*How to complete this task*.
Each record below should be reproduced as it is written, with pictures left out entirely.

*Material for the task*.

- Opening Delimiter -

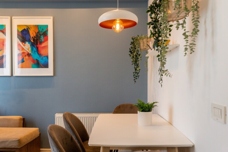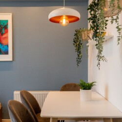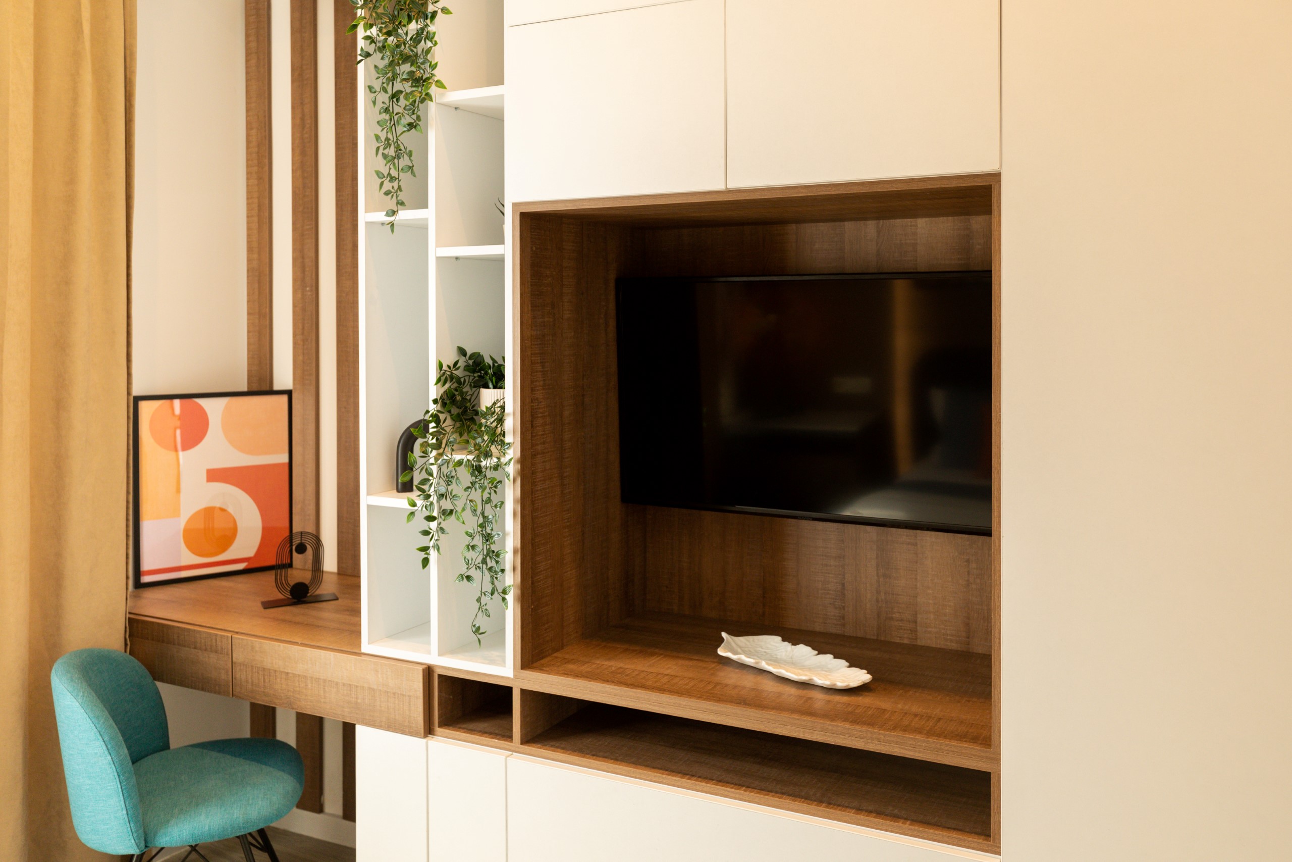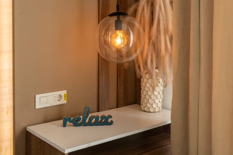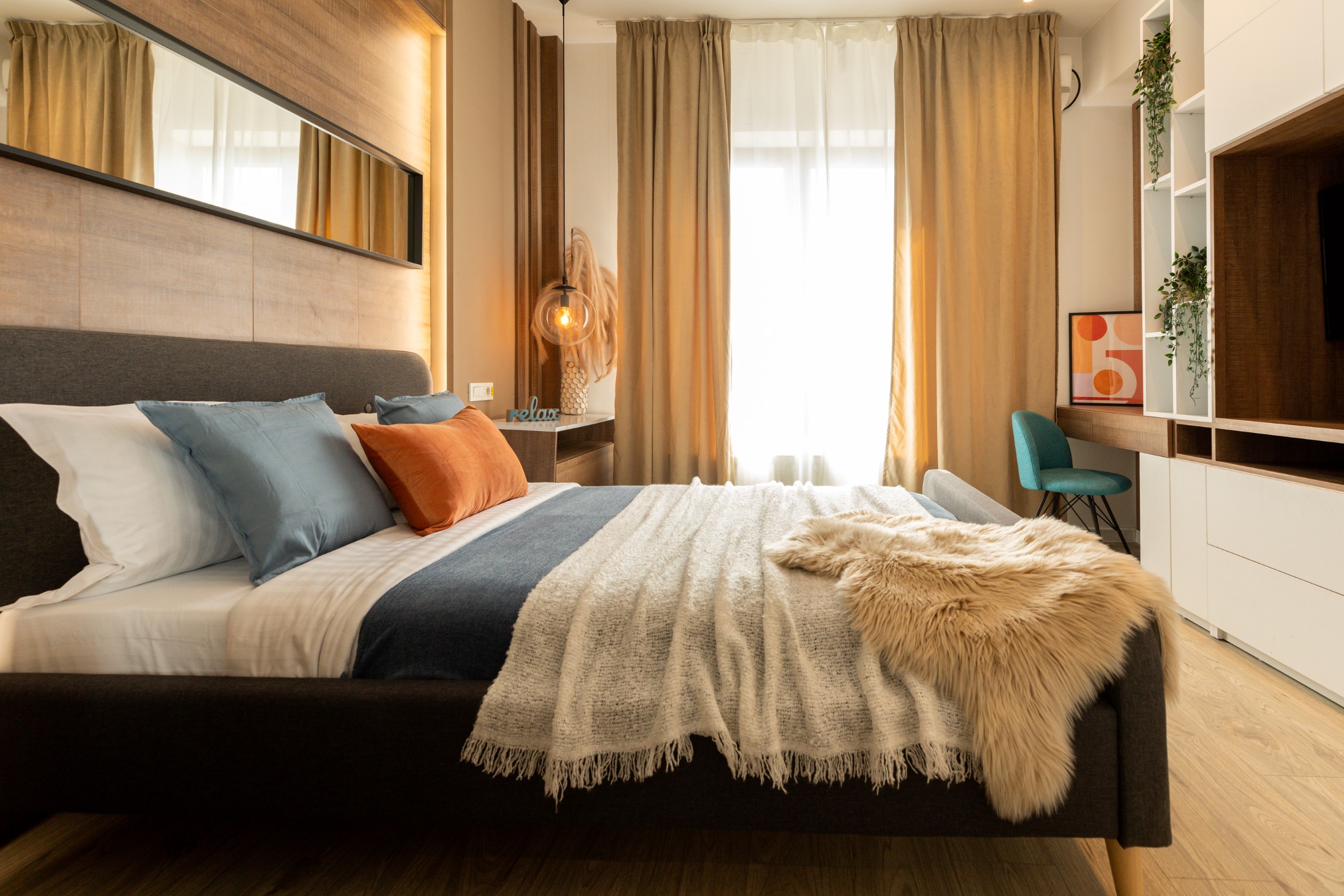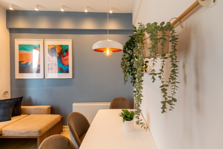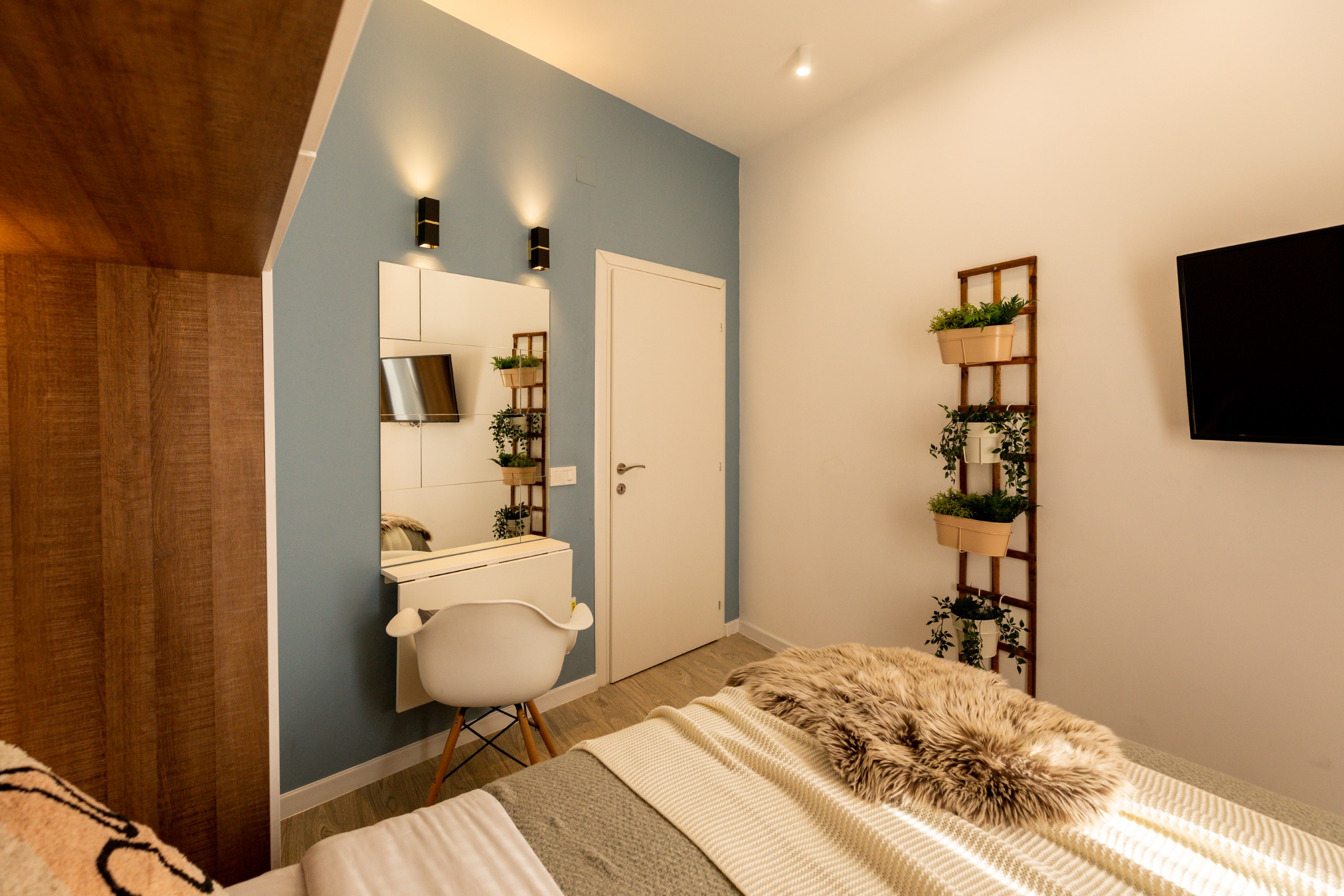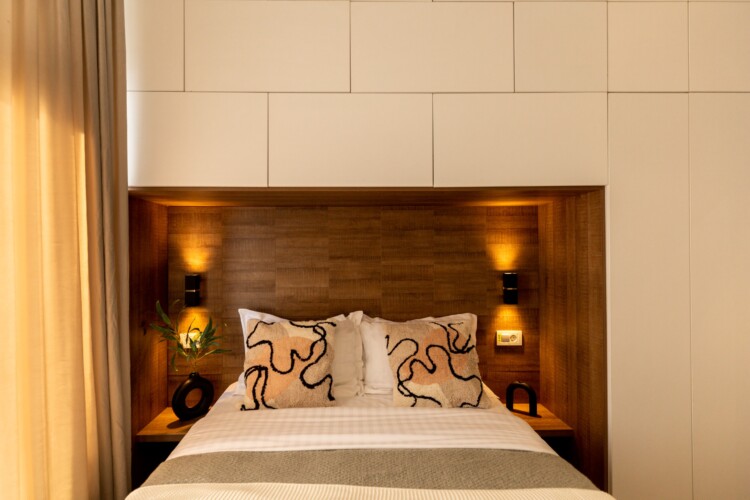 You’ll be surrounded by beautiful wood details and chic white furniture, perfectly complementing the abundance of natural light that floods the space. The blue accents on the walls add a pop of color to the otherwise neutral palette, creating a calming and stylish atmosphere.
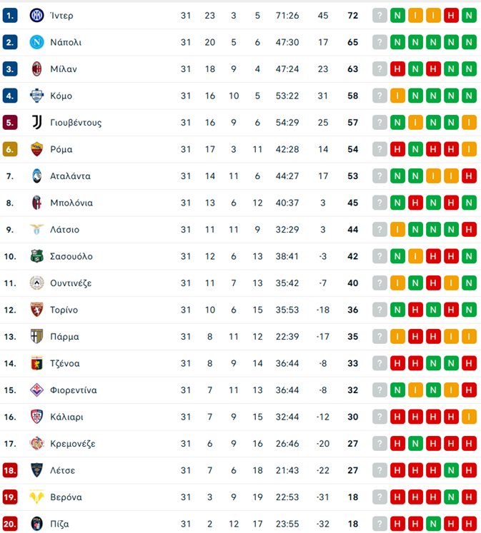 Τα αποτελέσματα της 31ης αγωνιστικής:
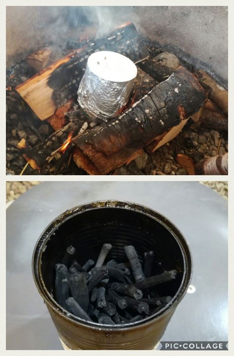 I dag sto laging av kullstifter på programmet. Vi fant pinner som vi spikket fri for bark, la dem i en hermetikkboks og hadde en god halvtime i bålet.
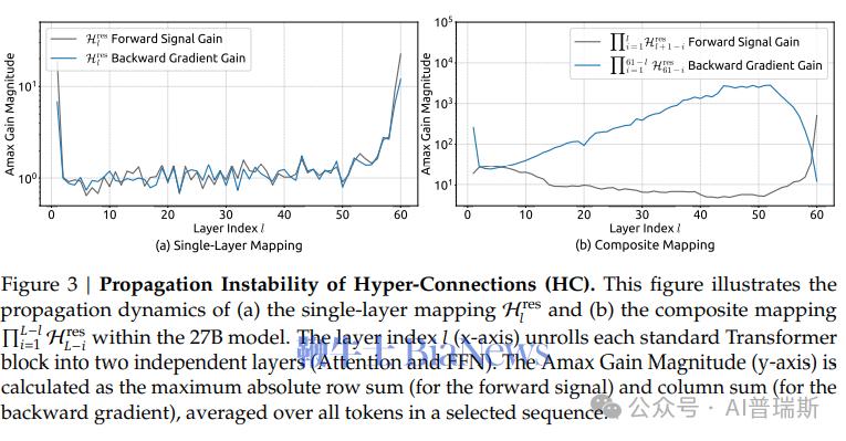 论文指出,这类结构虽然在理论上更灵活,但在实际训练中容易出现梯度爆炸、信号失真、训练不稳定等问题。在部分实验场景中,信号甚至会被放大上千倍,导致模型难以收敛,训练成本急剧上升。
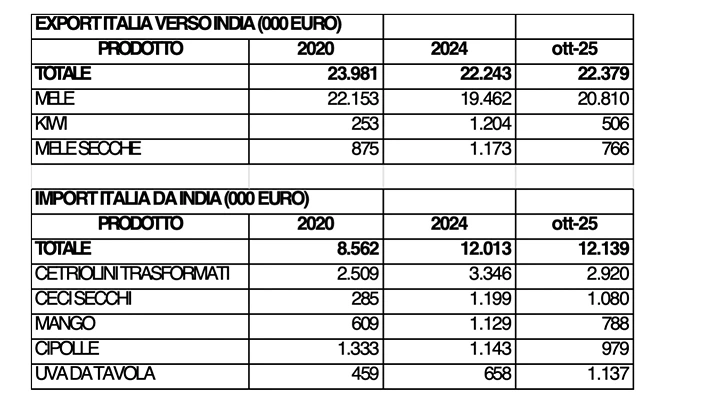 "C’è poi un problema di tempi, per una deregulation definitiva, si prevede che ci vorranno infatti 5/10 anni - sottolinea - Oggi il prodotto italiano più esportato in India è di gran lunga la mela".
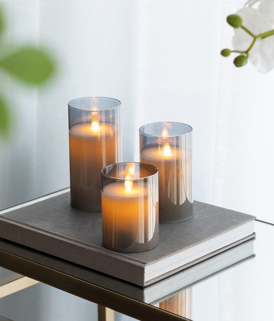 Set of 3 Grey Real Flame-Effect LED Wax Candle 4", 5", 6"
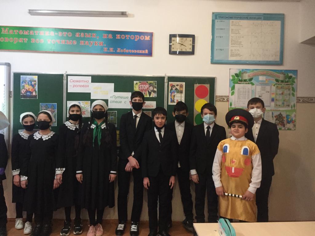 21.01.2021Во исполнения письма заместителя министра образования и науки Чеченской Республики А.Р.Усманова от 12.01.2021года, № 10,07-43, в МБОУ «Шуанинская СШ» с 19-21.01.2021 в 1-8 кл. прошли внеклассные мероприятия по профилактике по профилактике детского дорожно-транспортного травматизма: викторина «Умный пешеход» (8бкл. Орг. Лидер ЮИД -Тойсумова М.И., сюжетно- ролевая игра «Путешествие Незнайки» (6-7кл., Орг. Курбанова З.Р.); чтение художественной литературы С.Маршак «Милиционер» (1-е кл., Орг. Гадалашева Д.Г.) с целью закрепления знаний детей о правилах дорожного движения. Количество принявших участие учащихся 54 человек.

- Closing Delimiter -

*Solution for this task*.
 You’ll be surrounded by beautiful wood details and chic white furniture, perfectly complementing the abundance of natural light that floods the space. The blue accents on the walls add a pop of color to the otherwise neutral palette, creating a calming and stylish atmosphere.
 Τα αποτελέσματα της 31ης αγωνιστικής:
 I dag sto laging av kullstifter på programmet. Vi fant pinner som vi spikket fri for bark, la dem i en hermetikkboks og hadde en god halvtime i bålet.
 论文指出,这类结构虽然在理论上更灵活,但在实际训练中容易出现梯度爆炸、信号失真、训练不稳定等问题。在部分实验场景中,信号甚至会被放大上千倍,导致模型难以收敛,训练成本急剧上升。
 "C’è poi un problema di tempi, per una deregulation definitiva, si prevede che ci vorranno infatti 5/10 anni - sottolinea - Oggi il prodotto italiano più esportato in India è di gran lunga la mela".
 Set of 3 Grey Real Flame-Effect LED Wax Candle 4", 5", 6"
 21.01.2021Во исполнения письма заместителя министра образования и науки Чеченской Республики А.Р.Усманова от 12.01.2021года, № 10,07-43, в МБОУ «Шуанинская СШ» с 19-21.01.2021 в 1-8 кл. прошли внеклассные мероприятия по профилактике по профилактике детского дорожно-транспортного травматизма: викторина «Умный пешеход» (8бкл. Орг. Лидер ЮИД -Тойсумова М.И., сюжетно- ролевая игра «Путешествие Незнайки» (6-7кл., Орг. Курбанова З.Р.); чтение художественной литературы С.Маршак «Милиционер» (1-е кл., Орг. Гадалашева Д.Г.) с целью закрепления знаний детей о правилах дорожного движения. Количество принявших участие учащихся 54 человек.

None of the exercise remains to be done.